When you get a bacterial infection with the flu, your symptoms may get better at first. Then they get worse with high fevers, more coughing, and a greenish tinge to what you’re coughing up.

Call your doctor if you have a cough that won’t stop, a bad fever, or if you get shortness of breath or chest pains. The doctor can do tests to find out if you have pneumonia. Antibiotics can treat bacterial pneumonia, but these meds can't treat viral pneumonia.

How Long Does Pneumonia Last?

It can hang around for about 2 weeks, or even longer in young children, elderly adults, and those who have weakened immune systems or ongoing illness like COPD or asthma. Even healthy people may feel tired or weak for a month or more after their lungs clear up.
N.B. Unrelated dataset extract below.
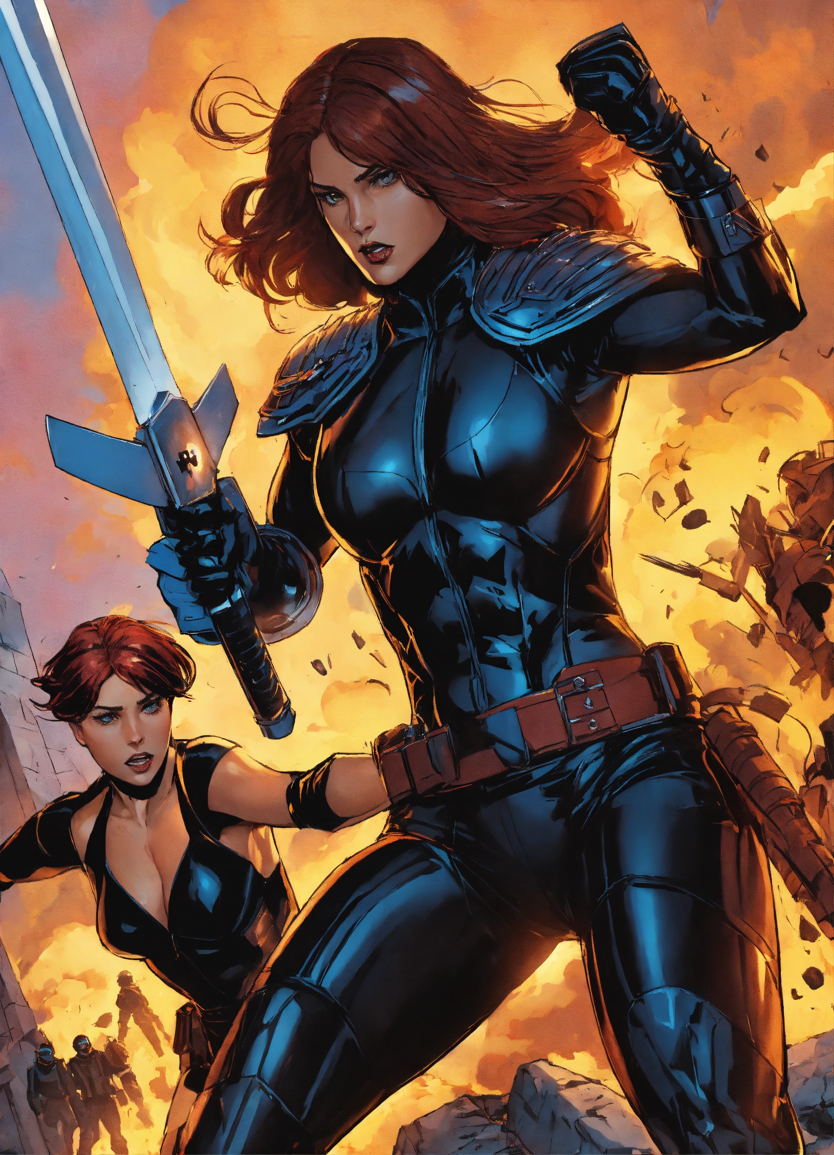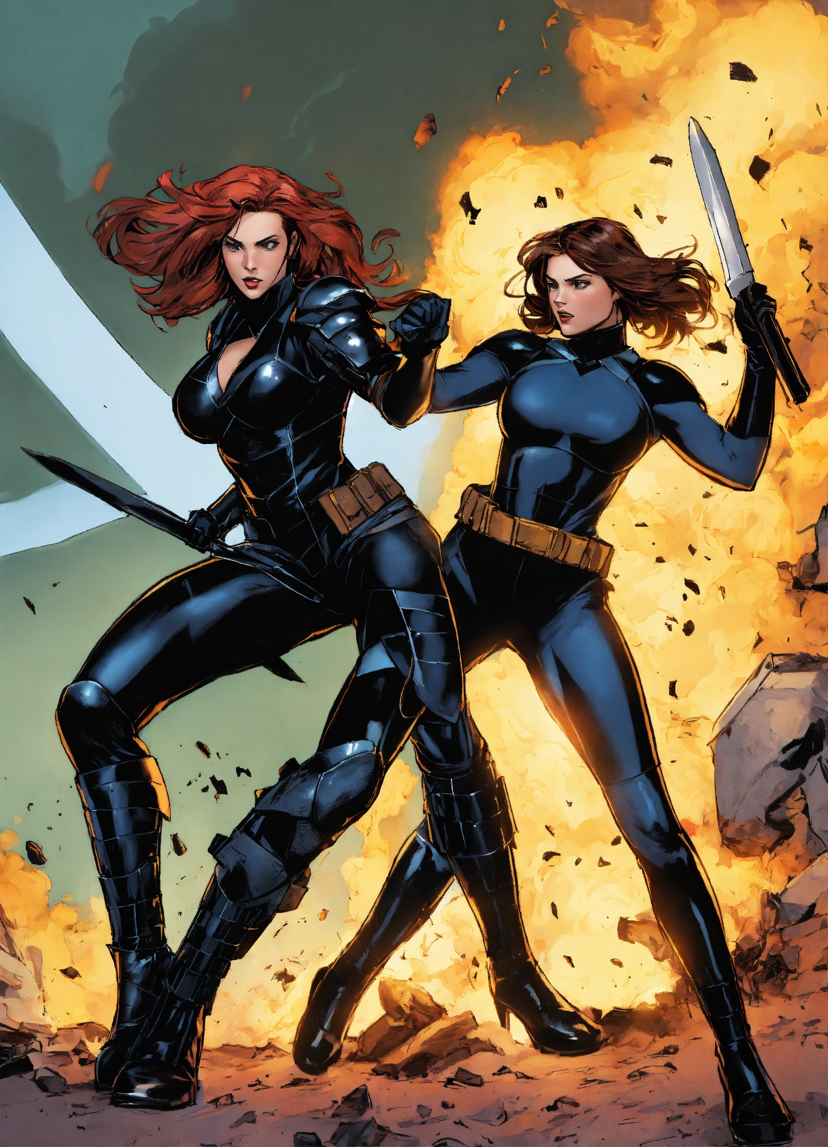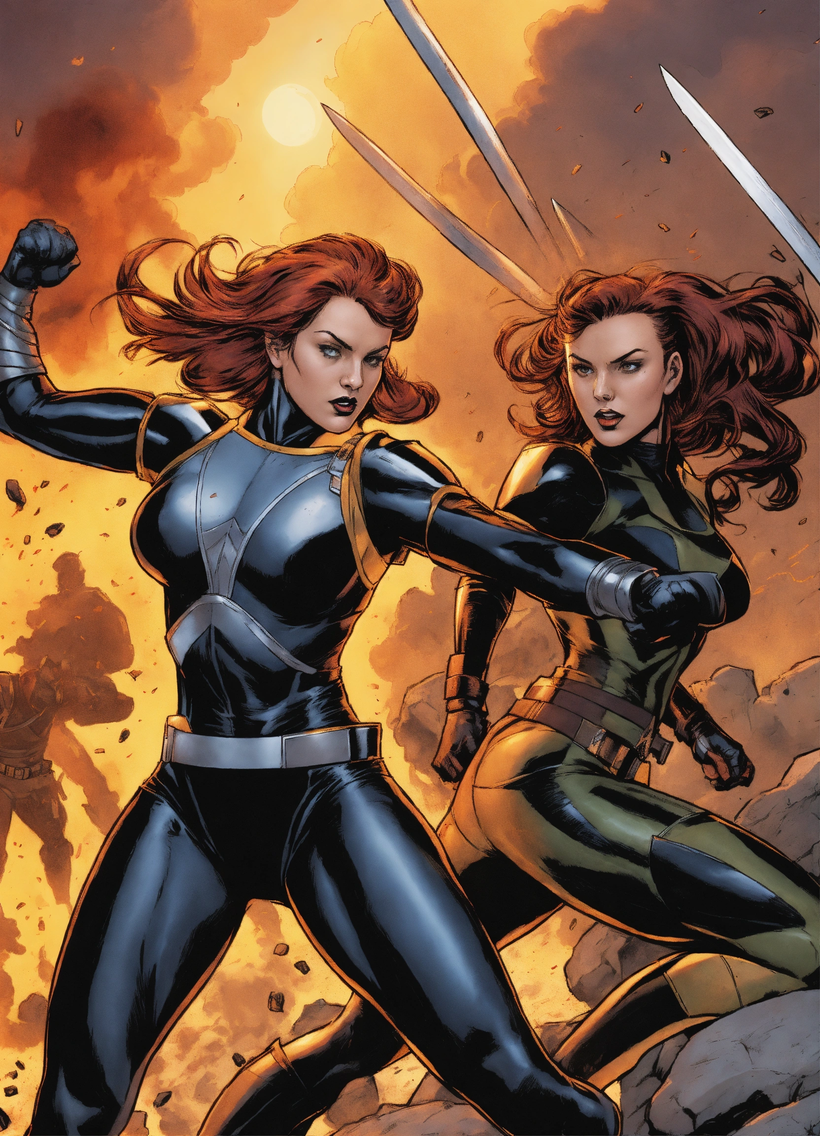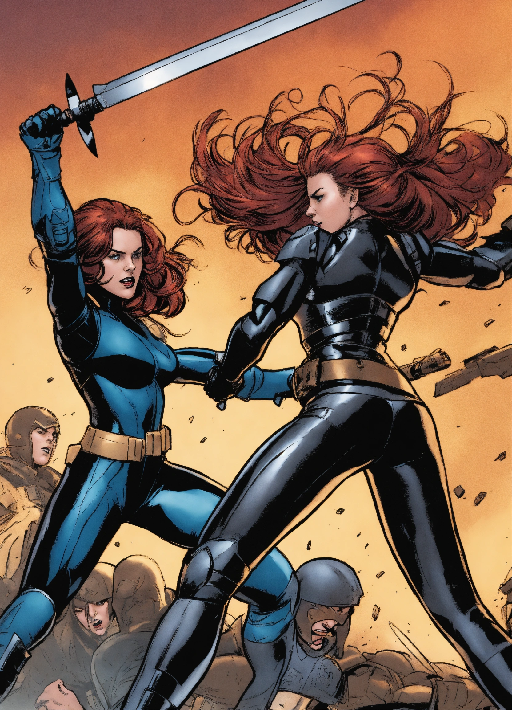 Female x-men shadowcat wearing black metal combat armor fighting with female g, i, joe scarlett wearing black metal combat armor

Is There a Vaccine for Pneumonia?

There are 2 types: pneumococcal polysaccharide vaccine (PPSV23) for adults and the pneumococcal conjugate vaccine (PCV13) for children.

The adult vaccine protects against 23 types of bacteria that commonly cause pneumonia. Doctors suggest that healthy seniors over 65 get both vaccines. The timing and sequence in which you get them will vary depending on what vaccines you’ve already had.

Some experts say adults younger than 55 should get both vaccines to boost their immune system. The pneumonia vaccine isn’t recommended for pregnant women. But it can help people at increased risk for infections, like those with:

Children under age 2 should get four doses of the PCV13 vaccine. Tots between 2 and 4 who didn’t get the pneumonia vaccine series should get a single vaccine. Children 6 to 18 with health problems should get a single dose of PCV13 whether they had shots already or not.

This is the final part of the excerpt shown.